◆ **GOAL OF THE EXERCISE**
The listing below must be returned in full and unchanged, without the images it carries.

◆ **GIVEN MATERIAL**
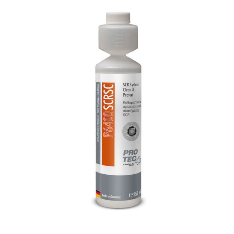 Το “SCR System Clean and Protect (SCRSC) – P6400” αποτελέι ένα ενεργό καθαριστικό για τακτική και προληπτική χρήση σε προβλήματα μόλυνσης του καταλύτη SCR. Aποτρέπει τον σχηματισμό κρυστάλλων και προστατεύει τα μολυσμένα μπεκ του υγρού ουρίας (Ad Blue) . Η απώλεια ισχύος ή οι δυσλειτουργίες του κινητήρα μπορούν έτσι να αποφευχθούν. Xρησιμοποιείται σε όλους τους κινητήρες με μετεπεξεργασία καυσαερίων SCR ξεκινώντας από το πρότυπο καυσαερίων Euro 4. Βελτιστοποιεί το σημείο πήξης του υγρού ουρίας (AdBlue®) ακόμη και σε υψηλά επίπεδα πήξης. Προληπτική λύση που προστατεύει τα συστήματα SCR από τη ρύπανση και το σχηματισμό κρυστάλλων και έτσι διασφαλίζει τη βέλτιστη λειτουργία της μονάδας SCR. Αναμιγνύεται με υγρό ουρίας (AdBlue®)
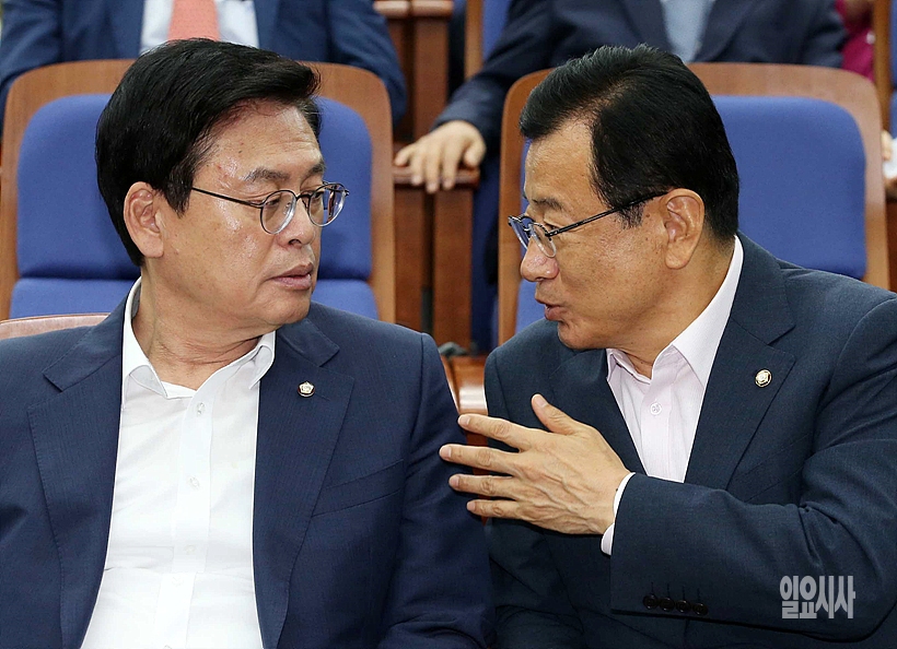 정우택 자유한국당 원내대표(사진 왼쪽)가 18일, 서울 여의도 국회서 열린 '추경예산안 관련' 의원총회에 앞서 이현재 정책위의장과 이야기를 나누고 있다.
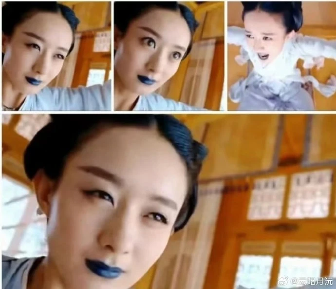 Trong khi đó, Triệu Lệ Dĩnh, người vốn nổi tiếng với gương mặt bầu bĩnh, đôi mắt long lanh lại bị dìm không thương tiếc với màu môi xanh phát sáng. Netizen lập tức gọi đùa là “makeup trúng độc level max”, khiến những phân đoạn vốn nghiêm túc lại trở thành meme huyền thoại.

◆ **SOLUTION TO THE EXERCISE**
 Το “SCR System Clean and Protect (SCRSC) – P6400” αποτελέι ένα ενεργό καθαριστικό για τακτική και προληπτική χρήση σε προβλήματα μόλυνσης του καταλύτη SCR. Aποτρέπει τον σχηματισμό κρυστάλλων και προστατεύει τα μολυσμένα μπεκ του υγρού ουρίας (Ad Blue) . Η απώλεια ισχύος ή οι δυσλειτουργίες του κινητήρα μπορούν έτσι να αποφευχθούν. Xρησιμοποιείται σε όλους τους κινητήρες με μετεπεξεργασία καυσαερίων SCR ξεκινώντας από το πρότυπο καυσαερίων Euro 4. Βελτιστοποιεί το σημείο πήξης του υγρού ουρίας (AdBlue®) ακόμη και σε υψηλά επίπεδα πήξης. Προληπτική λύση που προστατεύει τα συστήματα SCR από τη ρύπανση και το σχηματισμό κρυστάλλων και έτσι διασφαλίζει τη βέλτιστη λειτουργία της μονάδας SCR. Αναμιγνύεται με υγρό ουρίας (AdBlue®)
 정우택 자유한국당 원내대표(사진 왼쪽)가 18일, 서울 여의도 국회서 열린 '추경예산안 관련' 의원총회에 앞서 이현재 정책위의장과 이야기를 나누고 있다.
 Trong khi đó, Triệu Lệ Dĩnh, người vốn nổi tiếng với gương mặt bầu bĩnh, đôi mắt long lanh lại bị dìm không thương tiếc với màu môi xanh phát sáng. Netizen lập tức gọi đùa là “makeup trúng độc level max”, khiến những phân đoạn vốn nghiêm túc lại trở thành meme huyền thoại.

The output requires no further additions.